For example, during this year's gala, Duan Yu from Northeast China described the frustrations of her mobile life in her song Moving Home and expressed her longing for a steady job and home. In his song Payslip, Yan Qingjun describes how he was trapped between the anticipation of a payslip and his anguish that the payslip has restricted his life.
Both working in Suzhou, Duan and Yan are part of an active community called Suzhou Migrant Workers' Home, where their group comes together to compose songs and create stage dramas for their community of migrants. Besides performances, the home also offers a free reading rooms, various interest groups, legal consulting and - most importantly, according to its founder Quan Guirong - a chance for otherwise lonely workers to share their feelings and working experiences in a place where they feel at home.
"After coming here, people have become more active and optimistic - and more confident with their group identity," Quan says.
After traveling to a dozen cities and working a dozen jobs, Quan hit upon the idea of establishing a workers' home in 2003. He himself had craved a more fulfilling life and a sense of belonging. But a lack of funds forced him to put aside the idea until 2008, when he put together 40,000 yuan to launch a reading room in Suzhou. Later he won financial support from Oxfam that has enabled him to expand the project.
The Hong Kong-based NGO now financially supports 12 migrant-worker service institutions in major coastal provinces. According to their statistics, by founding their own art troupes and publishing magazines and music albums, these institutions have provided cultural services to more than 1 million migrant workers.

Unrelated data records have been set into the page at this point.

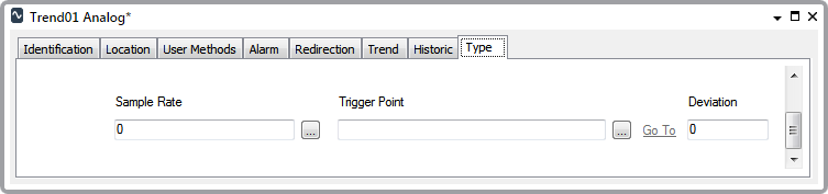 - Deviation—Only applicable when the Trend’s Parent Point is an analog or counter point. Optionally specify a Deviation greater than zero if the outstation is only to store the sampled value if it differs from the previously stored sampled value by at least the Deviation amount.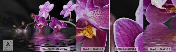 Prøve Fototapet Premium Sand - En lilla afspejling af skønhed - Blomster, Orkidé, Natur - 100x30 cm
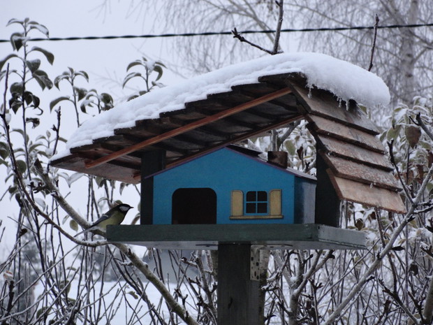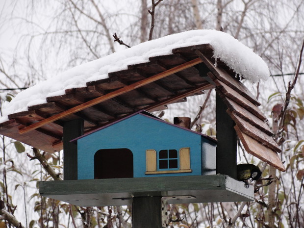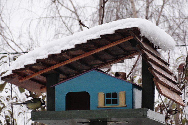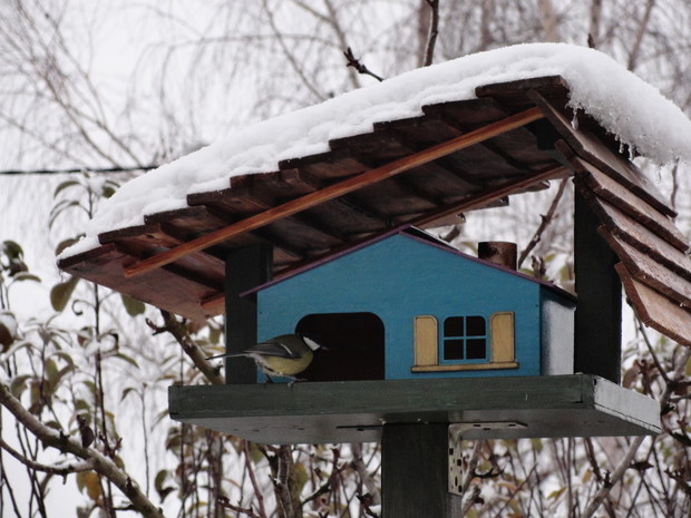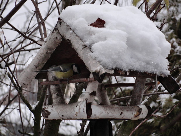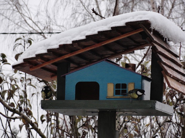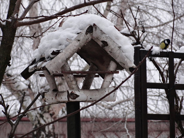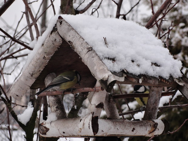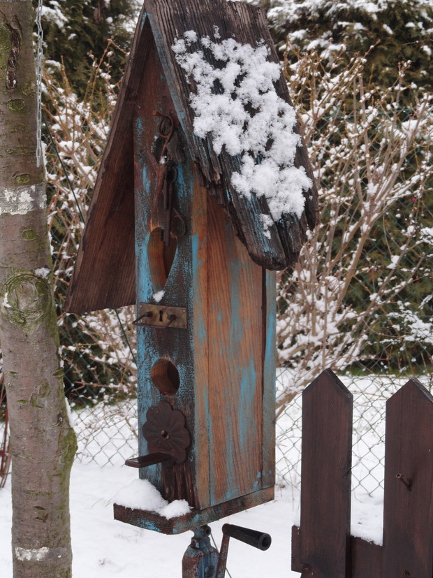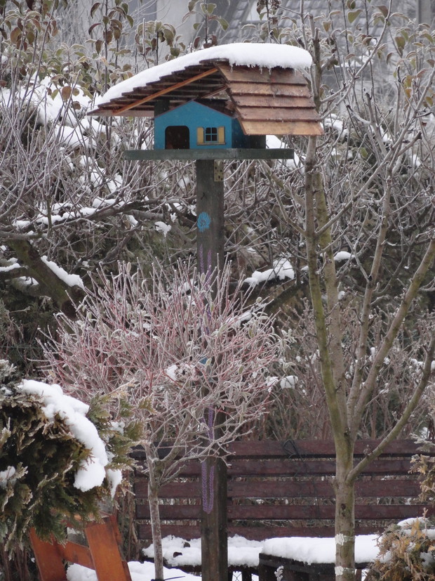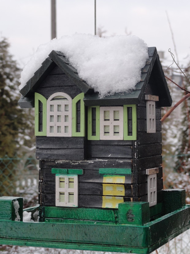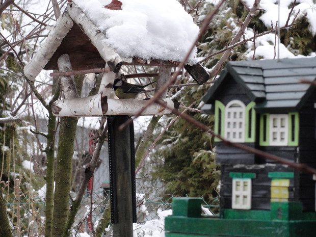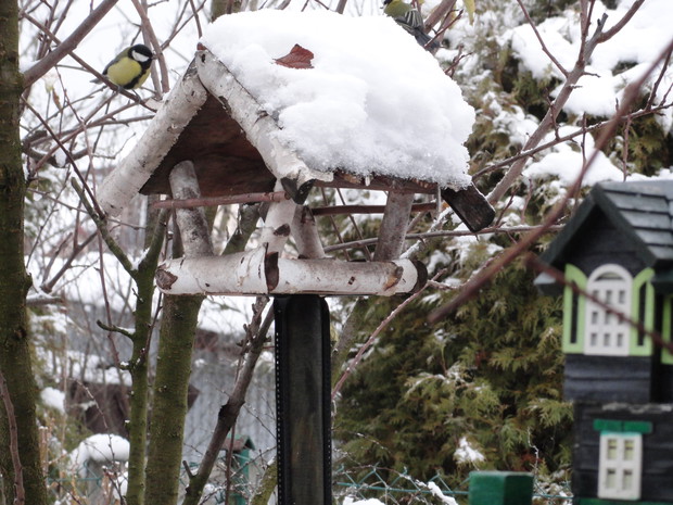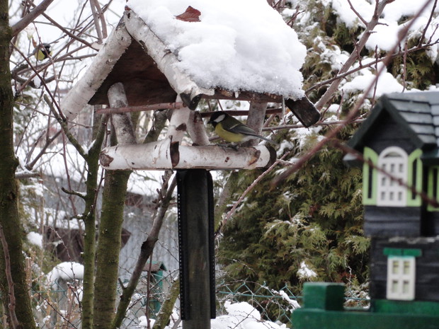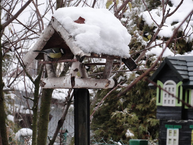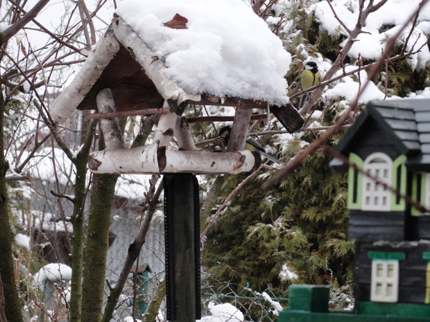 Zimą, ogród pod białym puchem wygląda niesamowicie... Kolorowe karmniki, domki dla ptaków pokryte białą pierzynką przyciągają skrzydlatych braci smakowitymi ziarnami... Bardzo lubię usiąść z kubkiem gorącej kawy i obserwować sikorki przylatujące na słonecznik... W tym samym czasie równie ciekawe historie tworzy nasze stadko kotów... One z kolei mają świetny punkt widokowy na dachu, obserwują stamtąd nadlatujące ptaki i wszystko dokoła... Młode kotki uwielbiają wspinaczki na drzewa i wspólne harce... Pomimo chłodu ogród zimowy ma wiele uroku, miło jest przychodzić tu i być witanym przez takich wiernych przyjaciół...

In addition to meeting growing needs for self-expression and development, these institutions help migrants integrate and find their place in the community, says Lu Meihua, Oxfam's livelihood assistance program officer.
Some of these institutions are also winning support from local governments. For example, Suzhou officials have provided the migrant workers' home there with free space. The local government has also started to buy their services, such as hiring them for community weekend film-screening events.
Some migrant workers in neighboring cities have regularly traveled to these places to enjoy the good company and a sense of home. Some frequently ask Quan to expand the services to their cities. That's why, even though private and public support has helped them toward a sustainable future, Quan still wants to "do bigger and better".
One good example might be Sun Heng's art troupe, now called the New Worker Art Troupe, which has evolved from its original base in the capital's Picun neighborhood into a complex of service institutions for migrants.
In 2005, the troupe released its first album. With the royalty income, 75,000 yuan, the group founded a school that now has nearly 500 students, all children of migrants from across the country. Now known as the Beijing workers' home, their main undertakings have included a chain store selling cheap second-hand commodities, a training center, a migrant-worker culture museum and a theater.
Just like the annual gala show, Sun says, all these efforts are designed to create a new culture of labor and call on people to respect the value of labor.
"But one institution's power is limited. We need numerous workers' homes," Sun says.